--- Record excerpts ---
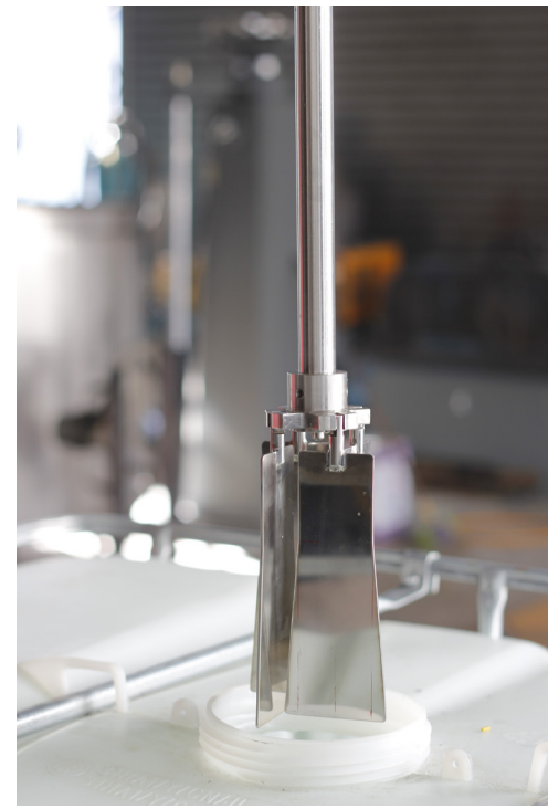
Figure 2: "Collapsible" folding impellers for entry to all standard IBC containers.
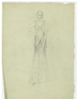
Lace Evening Dress with Petal Peplum (KA0067_000032)
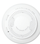
PROSIXCOV PROSIXCOVCN** Carbon Monoxide (CO) Detector CR123A (2)*
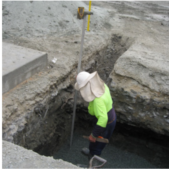
Top: Checking the foundation level
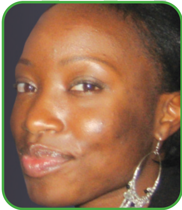
Before the Peel
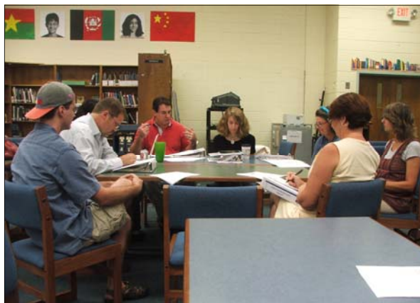
Above: Renfroe Middle School Leadership Team Meeting
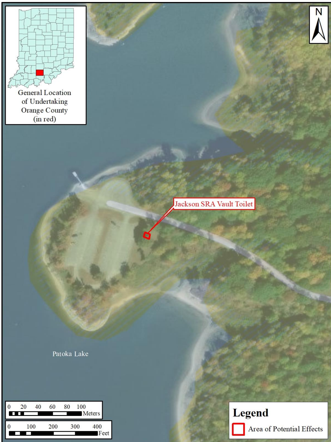
Enclosure 3. Aerial map showing the location of the vault toilet at Jackson SRA to be replaced (Undertaking 2).
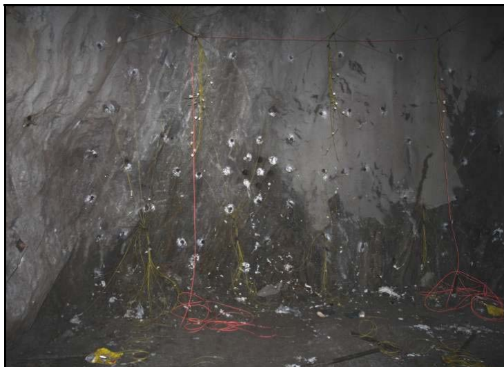
Medium-grained, banded pyrite and grey sphalerite ore in 0.5 million dollar round (grading 15-20% Zn); K-zone, 1100-m level.
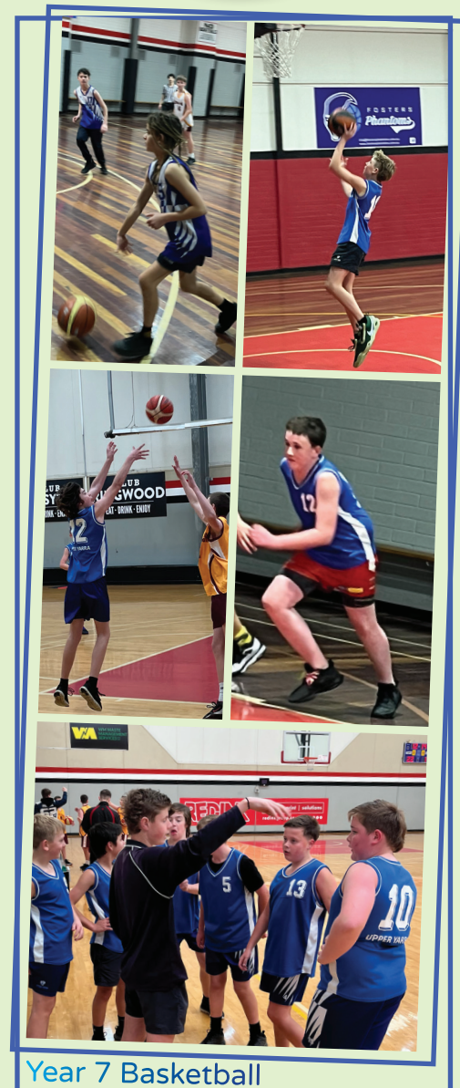
Year 7 Basketball
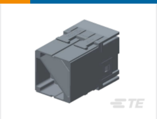
TE Part #T2111028101-000 HMN-D2-MC
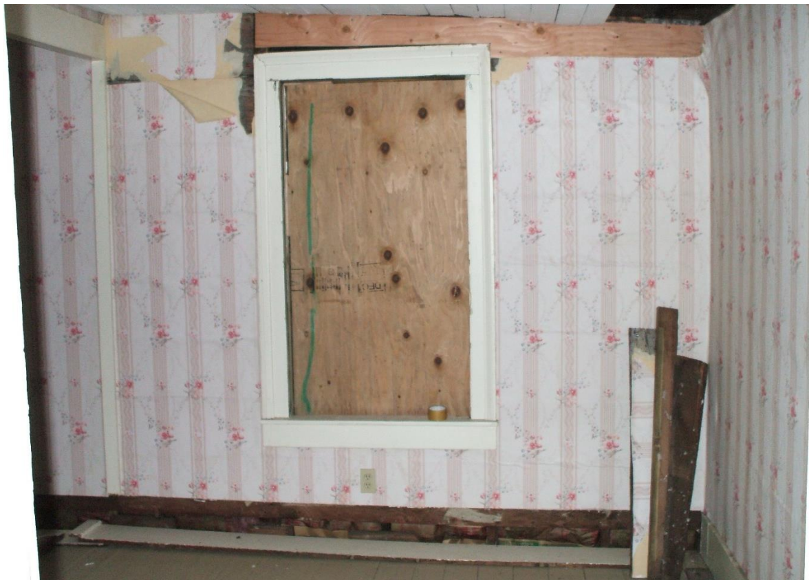
Figure 13. Wallpaper walls on second floor
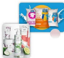
FLEXIBLE PACKAGING FILM
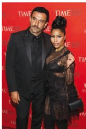
ARTISTRY Designer Riccardo Tisci, left, with rapper Nicki Minaj
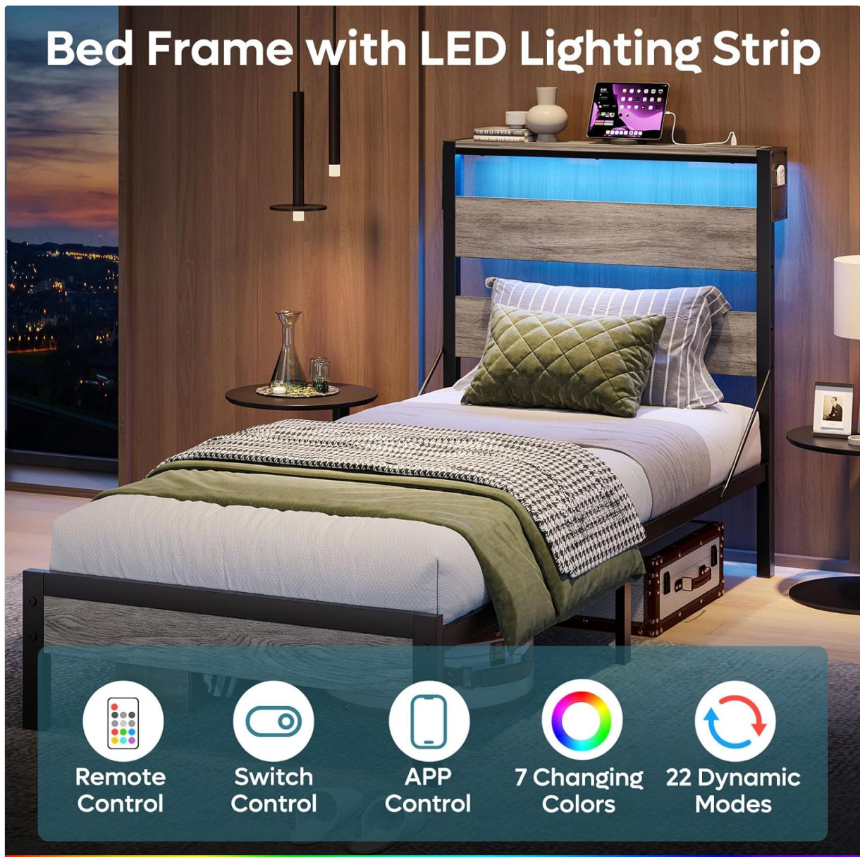
Figure 3: The LED lighting system can be controlled via remote, app, or a physical switch, offering 7 colors and 22 dynamic modes.
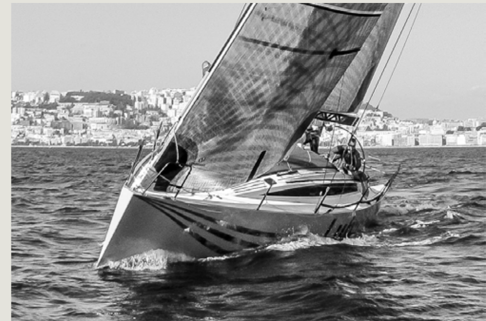
Below: the NM38 5 “Scugnizza” training in Naples, 2011.
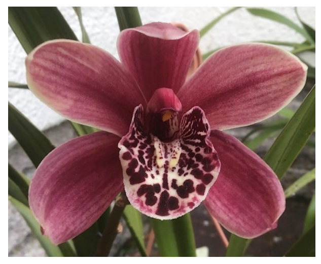
Cym. Bald Baroness 'Anita'

The only Cym. Fire Watch (my Cym. Coalfire 'New Horizon' 4N X Cym. Bud March 'Sandra' 4N) seedling to survive produced a large, but very disappointing flower overall (see picture), to the extent that I didn't even name it, and it won't cross with anything. I have ended up with 2 pieces of it which weathered all rots, though I wish it had been other plants that had survived.
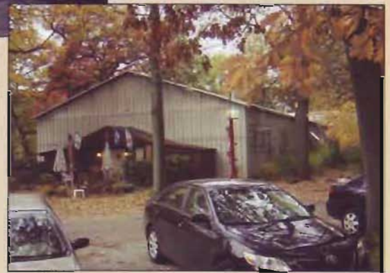
Front and side today.
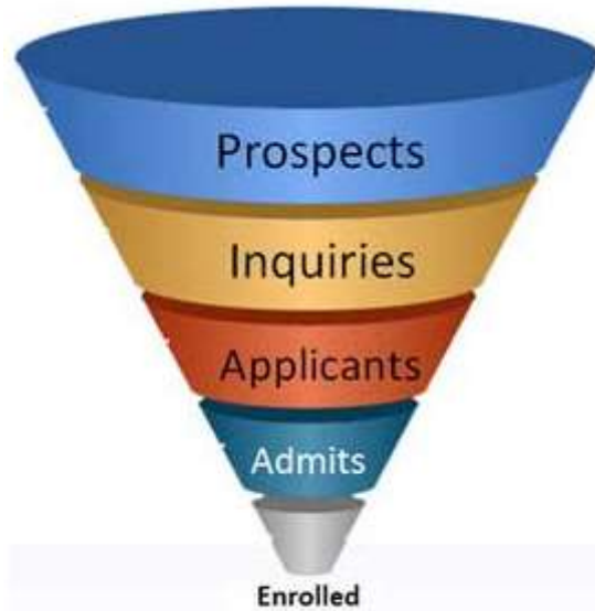
The Traditional Enrollment Funnel
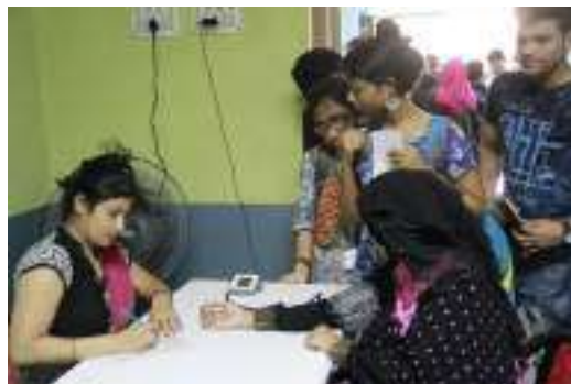
Health Check Up Programme Organized by NSS Unit Maulana Azad College, 2019

Maulana Azad College has a heritage of publishing a Students Magazine, peer-reviewed but an editorial board of Faculty members. All the Departments also maintain Wall Magazines within the College premises where students regularly update their creative inputs relevant to their field of study.
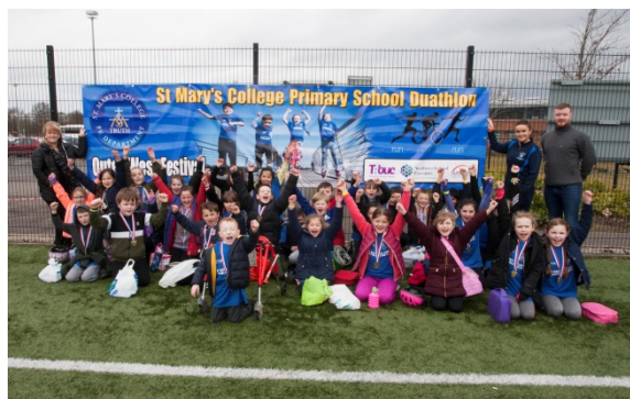
Outer West Neighbourhood Renewal Partnership “Just Du It” Festival funded by The Executive Office Central Good Relations involving city-wide schools.

The role of the Strategy Manager, funded by DfC through the NR Investment Fund, is to work closely with the OWNRP and DfC to strive to develop and achieve a confident community that is able and committed to improving the quality of life in the Outer West. The Strategy Manager assists in delivering new projects and increasing services and programmes which benefit all residents in this NR area therefore reducing the gap in deprivation measures between Outer West and non NR areas. The Strategy Manager engages with all relevant statutory bodies and non-Government funding bodies to lever in additional funding to deliver on priorities identified within the NR Action Plan.
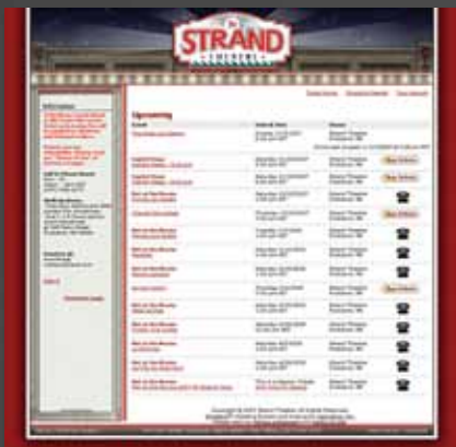
Branding Opportunities with Ticketing Site
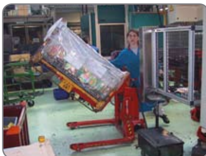
The straddle model makes it possible to handle closed pallets. The Logitilt being used in the component industry.
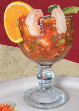
Shrimp Cocktail 19.50
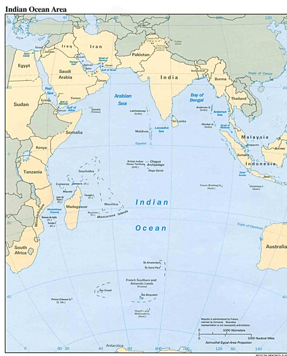
Indian Ocean map
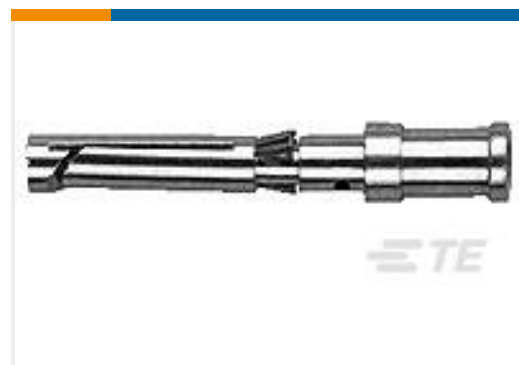
TE Part #5-1105051-1 HN.D-C-BU.AG.2.5
---
▶ Work instruction: Give again, word for word, only the lines that run from the top of the data above through the line with "Figure 13. Wallpaper walls on second floor". Drop the pictures.

▶ Result for this task:
Figure 2: "Collapsible" folding impellers for entry to all standard IBC containers.
Lace Evening Dress with Petal Peplum (KA0067_000032)
PROSIXCOV PROSIXCOVCN** Carbon Monoxide (CO) Detector CR123A (2)*
Top: Checking the foundation level
Before the Peel
Above: Renfroe Middle School Leadership Team Meeting
Enclosure 3. Aerial map showing the location of the vault toilet at Jackson SRA to be replaced (Undertaking 2).
Medium-grained, banded pyrite and grey sphalerite ore in 0.5 million dollar round (grading 15-20% Zn); K-zone, 1100-m level.
Year 7 Basketball
TE Part #T2111028101-000 HMN-D2-MC
Figure 13. Wallpaper walls on second floor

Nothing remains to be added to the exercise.